Jean Chiu, vice chairperson of the FSC, stated at a press conference that CTBC Financial failed to provide a comprehensive implementation plan for the acquisition. CTBC had proposed acquiring between 10% and 51% of Shin Kong Financial’s shares initially, with plans to later fully integrate the company.

However, the FSC raised concerns over CTBC’s lack of detailed provisions on how it would manage various potential outcomes, particularly if it failed to secure full control of Shin Kong.

Additionally, the FSC highlighted gaps in CTBC’s understanding of the financial health of Shin Kong’s life insurance subsidiary, as well as a lack of firm commitments regarding raising the capital size of this subsidiary.

This uncertainty, combined with the method of payment proposed by CTBC—using a mix of cash and its own stock—raised concerns that the tender offer could negatively affect shareholders due to potential fluctuations in CTBC’s stock price during the transaction process.

CTBC’s proposal, announced on 20 August, included an offer of NT$4.09 (US$0.13) per share in cash and an exchange of 0.3132 CTBC shares for each Shin Kong share, amounting to NT$14.55 (US$0.46) per share.

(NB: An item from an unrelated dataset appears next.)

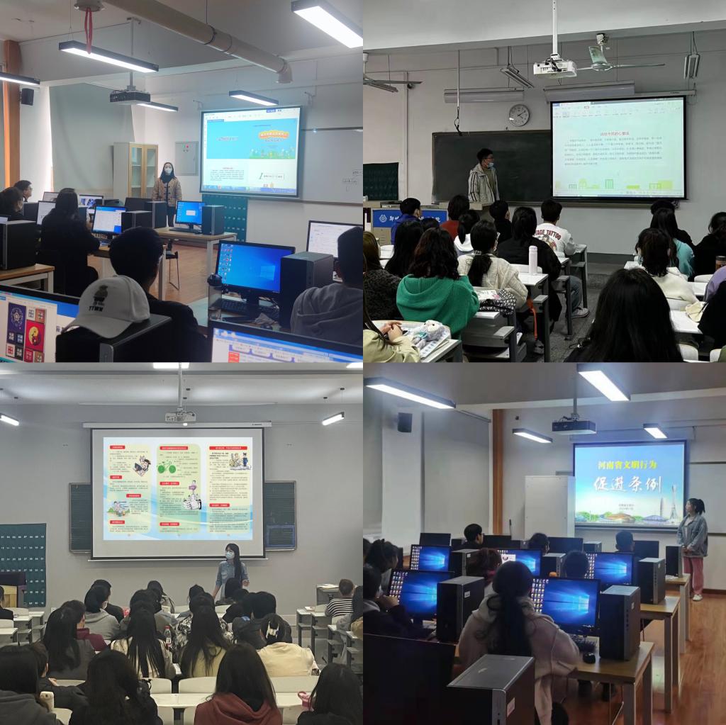 辅导员王鸿飞老师说,公民是文明创建的主体,是文明行为的实践者、推动者、维护者。每一个公民都应该讲文明、尊道德、守法律,推动文明行为条例落实落细落小。倡文明树新风,维护公共秩序、爱护环境、文明生活、文明出行、文明旅游、文明从自身做起、从日常点滴抓起、从家庭抓起,自觉规范言行,为文明郑州、美丽郑州贡献力量。

This bid was labeled by Taishin Financial as a hostile takeover attempt, as Shin Kong Financial’s board had not approved the offer.

In response, Taishin Financial, which has been vying for Shin Kong through a merger, revised its stock swap offer on 11 September.

The new offer included 0.672 Taishin shares plus 0.175 preferred shares for each Shin Kong share, translating to NT$14.18 per share—closer to CTBC’s offer. Taishin had earlier disclosed on 22 August its original plan to offer 0.6022 shares of its stock per Shin Kong share, which amounted to NT$11.32 (US$0.36).

Chiu emphasized that tender offers based on stock payments are rare in Taiwan, with only six cases since the 2002 revision of tender offer regulations.

She referenced Fubon Financial Holding’s acquisition of Jih Sun Financial in 2023, where cash was used instead of shares, to highlight how tender offers have traditionally been handled in the local market.

Chiu concluded by stating that although Taiwan’s financial market operates on free-market principles, takeovers should avoid disrupting market order and respect corporate stability.

Taishin Financial and Shin Kong Financial are set to hold a special general meeting on 9 October to secure shareholder approval for their merger plan, which will then require the FSC’s endorsement.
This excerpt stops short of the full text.